По благословению Патриарха Московского и всея Руси Алексия Второго
Огонь пришел я низвесть на землю,
и как желал бы, чтобы он уже возгорелся!
Лк. 13: 49
Не жизни жаль с томительным дыханьем:
Что жизнь и смерть… А жаль того огня,
Что просиял над целым мирозданьем —
И в ночь идет!.. И плачет, уходя!
А. Фет
Вера и цивилизация. Вместо предисловия
Предлагаемая книга – попытка философского осознания таинственного действия Святого Духа в русской истории и культуре. Не следует думать, что религия, философия и наука несоместимы между собой – напротив, «чистое» беспредпосылочное знание есть один из мифов европейского позитивизма позапрошлого века. Знание всегда опирается на определенную веру (ценность), а вера, со своей стороны, дает глубинное знание. Не претендуя на ведение путей Господних, автор стремился осмыслить очевидное – реальные события отечественной культурно-исторической жизни как знамения (символы) замысла Божия о России. В. С.Соловьев ещё в 1888 году точно сказал, что идея нации заключается не в том, что она сама думает о себе во времени, а в том, что Бог думает о ней в вечности (1). Мысль Божия о соборной личности народа (нации) является Логосом его цивилизации и культуры, проявляется во всех её произведениях и событиях. Вместе с тем христианский божественный Логос ни в чем не ограничивает свободу народа, равно как о свободу отдельной человеческой личности. В свободном соприкосновении (синергии) божественной и человеческой воли раскрывается творческий смысл земного бытия, его благодатная красота и сила. Православная русская цивилизация – это вся совокупность духовной и материальной жизни народа, понятая как осуществление (сознательное или бессознательное) зова Христа, обращенного к этому народу (2). Под культурой в более узком смысле мы понимаем преимущественно светскую форму духовной жизни, воплощенную в образах и знаках, т.е. искусство, мировоззрение, нравственность. Само слов «культура» этимологически связано с «культом», культура есть своего рода продолжение веры (или безверия) на пространстве мирского существования народа и человека.

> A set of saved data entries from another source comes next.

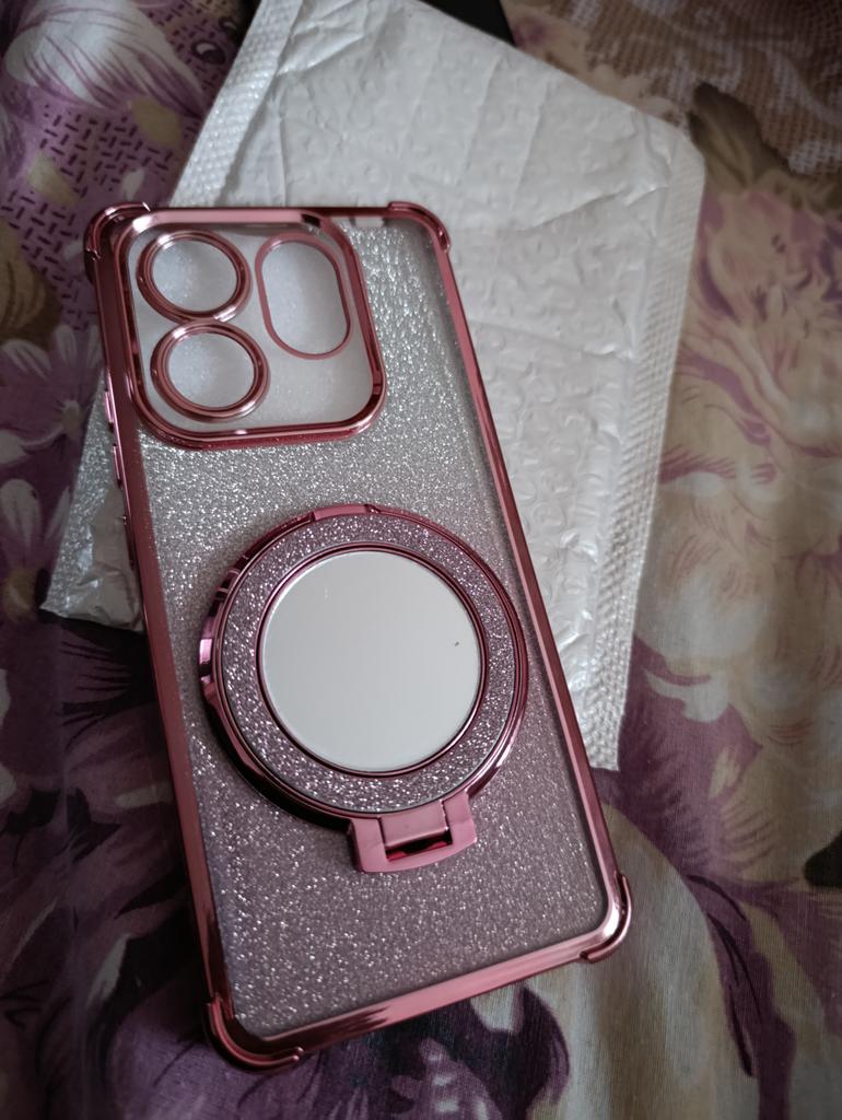 Glitter Shockproof Silicone Case For Xiaomi Redmi 14C Note 14 Pro Plus 4G 5G Note 14S Mirror Magnetic Holder Stand Soft Cover
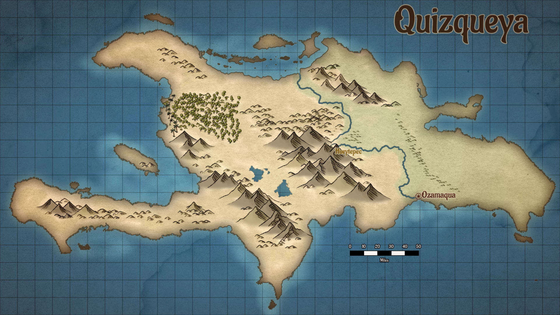 The largest settlement on Quizqueya is Ozamaqua, on the southern coast where the river Yollōtlāpan meets the sea. It is a port, though it primarily serves fishing boats and local vessels bound for the islands off Quizqueya's coast. The island lies far from the usual routes traveled by merchants of the Great Ring, and the Tecpāntin do not encourage foreign trade. While not forbidden, merchants receive little welcome, and those from the Cuāhcoāmeh are best advised to strike only a few bargains and avoid inviting a return visit.
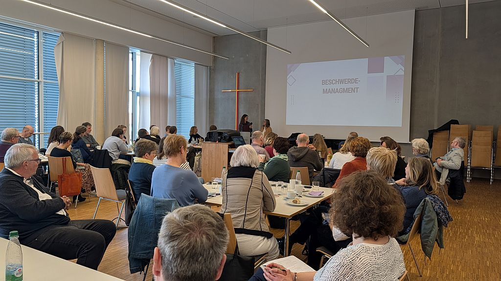 Im Anschluss präsentierte Dekan Bernhard Petry den Bericht der beiden Dekanspersonen. In diesem Jahr setzte der Bericht über die laufenden Transformationsprozesse in der gesamten Landeskirche ins Bild. Angesichts sinkender Mitgliederzahlen und Einnahmen unterstrich er die Notwendigkeit einer verantwortungsvollen Konsolidierung sowie einer klugen strategischen Weiterentwicklung. Die darauffolgende offene Fragerunde bot Raum für Transparenz und das Erkennen chancenreicher Perspektiven, bevor Dekan Petry den intensiven Vormittag mit einem hoffnungsvollen Ausblick auf die Jahreslosung „Gott spricht: Siehe, ich mache alles neu!“ beschloss. Er ermutigte die Anwesenden mit den Worten, dass es in der Bibel eigentlich immer um den Aufbruch und die Bewegung hin zu einer Welt gehe, wie Gott sie gewollt habe, und betonte: „Wir müssen davor keine Angst haben.Erneuerung gehört zu uns, schon immer. Gott ist mit uns auf dem Weg.“
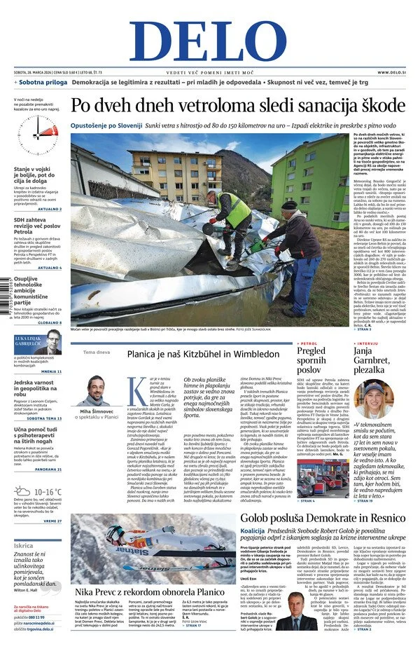 The front page of Delo dated 28 March does not match the image shared in the post. On that day the newspaper’s front page carried a story about the start of repairs following damage caused across much of Slovenia this year by a storm with strong winds. In the circulated image, the year of publication is written in Roman numerals, whereas Delo uses Arabic numerals. The issue number (136) shown on the purported front page does not correspond to the chronological sequence of the newspaper’s actual publications this year.
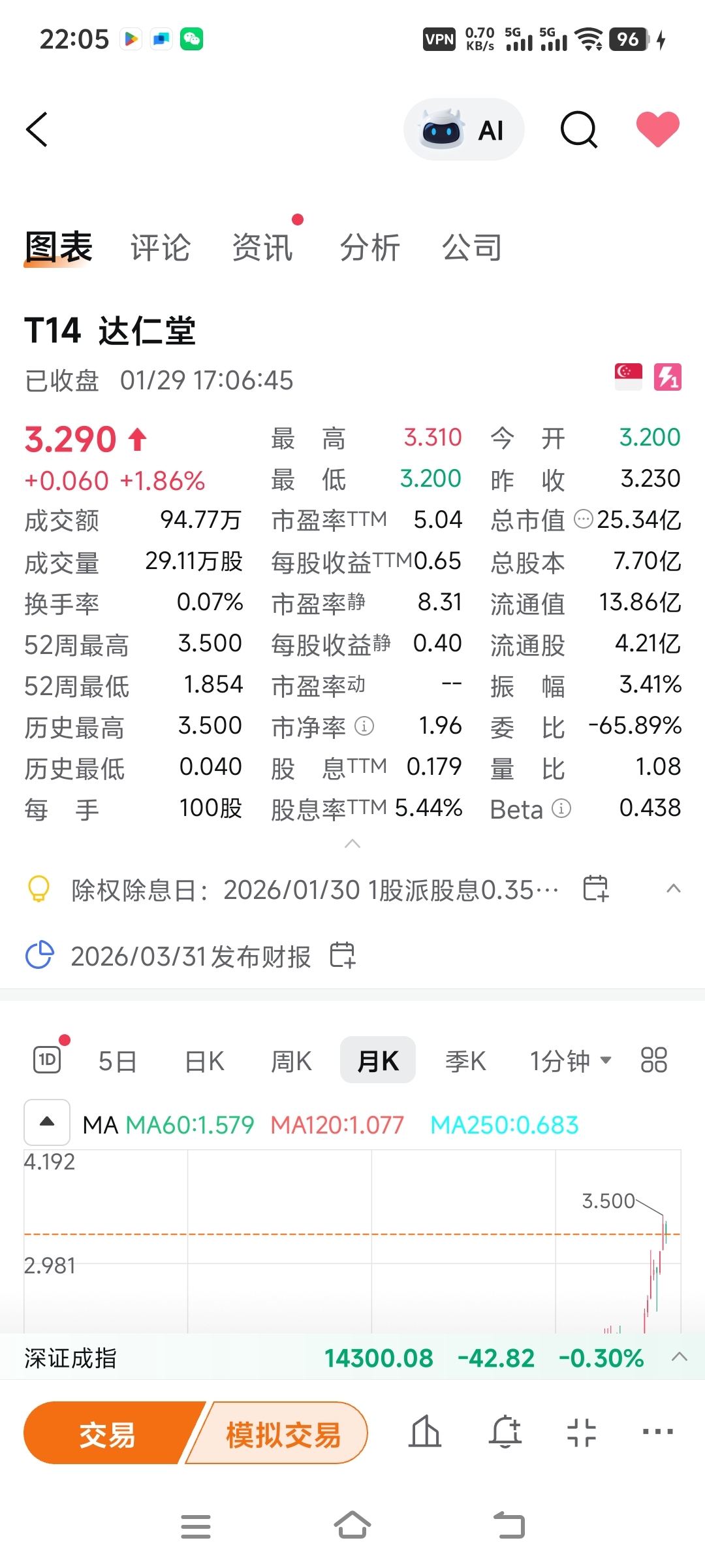 $达仁堂(SH600329)$ 新加坡上市的达仁堂K线图对比

Основное содержание предлагаемой книги – это русская идея в указанном выше богочеловеческом смысле, а её проблема – это вопрос о русской победе в истории при кажущемся цивилизационном (прежде всего экономическом и политическом) поражении России в конце ХХ века. Историософия – это мудрость истории, восходящая к её сверхисторическим идеальныи определениям; историософия включает в себя не только наблюдение событий, но и Веру, Надежду, Любовь; в некотором отношении историософия объединяет автора и его предмет, ибо метафизику истории нельзя просто знать, в ней надо быть. Читатель данной книги увидит, что в её предметное поле входят самые разные люди – от князя Владимира до Михаила Горбачева, самые разные писатели и философы – от митрополита Илариона до Александра Солженицына… Однако в сущности своей это цельная книга – речь в ней идет об одном: о христиаской правде русской православной цивилизации, которая потому-то и правда, что не всегда знает о себе. Подлинная правда не кричит о себе на всех перекрестках. Живая истина молчанием ответила на заданный ей вопрос чужого человека – скептика Пилата. Хочу поэтому предуведумить читателя, что настоящая книга обращена к «своим», а не к «другим». Христианское сознание обращается не к «другому», а к ближнему, для которого мудрость мира сего есть безумие перед Господом, видящим духовную победу в образе кающегося разбойника…
С Богом в путь!
Бог и мир
Крест, меч и золото – вечный выбор истории после Христа. Человек, победивший мир вместе с Сыном Божиим, либо человек, пользующийся этим падшим миром с помощью силы или денег… У нас в России этот выбор совершался в ХХ в. по меньшей мере трижды – в феврале 1917 г., когда власть Царя-Помазанника Божия была заменена властью буржуазных демократов; в октябре того же года, когда «человек с ружьем» (идея коммунизма) оттеснил «человека с рублем»; наконец, в августе 1991 г., когда ориентированная на богатство демократия снова пришла к власти в Кремле. Во всяком случае, сейчас в духовном пространстве России решается вопрос о господстве над человеческой свободой и, следовательно, над миром. Нам следует ясно сознавать, как соотносятся друг с другом эти три власти – «белая», «красная» и «желтая» – Духа, Силы и Выгоды. И если мы вслед за Европой расстанемся с Христовым заветом ради мирского успеха – надо сказать об этом прямо.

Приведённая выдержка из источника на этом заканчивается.